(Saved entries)
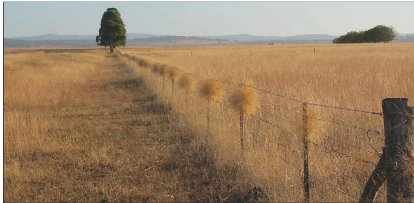
Tufts of grass uniformly caught on every steel post on this fence near Spring Creek.
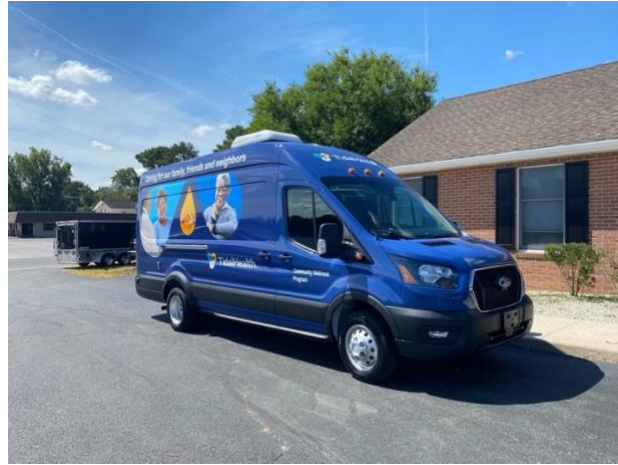
TidalHealth Nanticoke's mobile medical van.

Additionally, TidalHealth Nanticoke is investing in population health strategies to promote health equity by building a Community Wellness team for Sussex County. The hospital received grant funding to purchase and outfit two mobile medical vans for mobile health screenings such as diabetes risk assessments and blood pressure checks as well as for point-of-care testing in hard-to-reach underserved
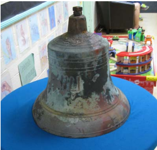
1876 school bell
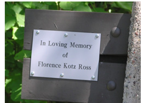
Bench dedication to Florence K. Ross, situated on the far hill at the back of the Upland Garden.
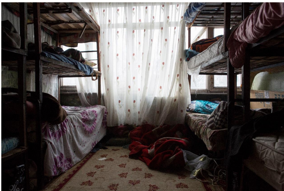
About 12 asylum-seekers from Afghanistan live in this room in Istanbul, below which is an industrial operation where the recyclable materials that they collect from the garbage are weighed and sorted.

This chapter assesses whether Turkey meets the third criterion for effective protection: access to means of subsistence sufficient to maintain an adequate standard of living. With state authorities unable to meet people’s basic needs – in particular shelter – combined with the significant barriers that people experience in achieving self-reliance, the reality is that Turkey is failing to provide an environment where asylum-seekers and refugees can be guaranteed the ability to live in dignity.
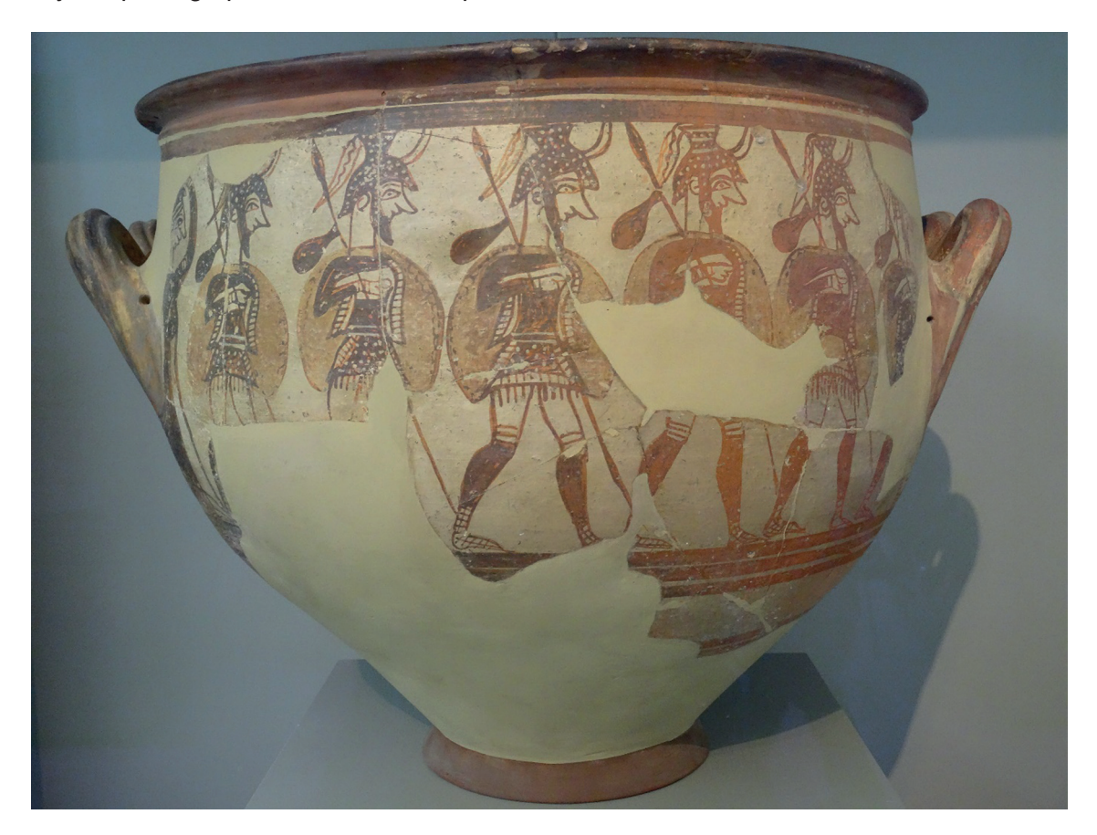
The Warrior Vase from Mycenae

1 Study the photograph and answer the questions.
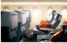
PREMIUM ECONOMY CLASS
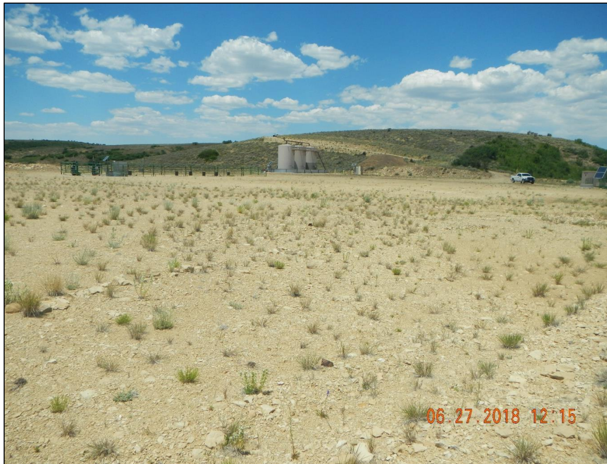
Weeds covering location.

596-19C-28 Api # 05-045-16066 Inspection # 689701535

◆ PROMPT ◆
Copy task for the entries above: every line with the string "Nanticoke".

◆ PROBLEM SOLUTION ◆
TidalHealth Nanticoke's mobile medical van.
Additionally, TidalHealth Nanticoke is investing in population health strategies to promote health equity by building a Community Wellness team for Sussex County. The hospital received grant funding to purchase and outfit two mobile medical vans for mobile health screenings such as diabetes risk assessments and blood pressure checks as well as for point-of-care testing in hard-to-reach underserved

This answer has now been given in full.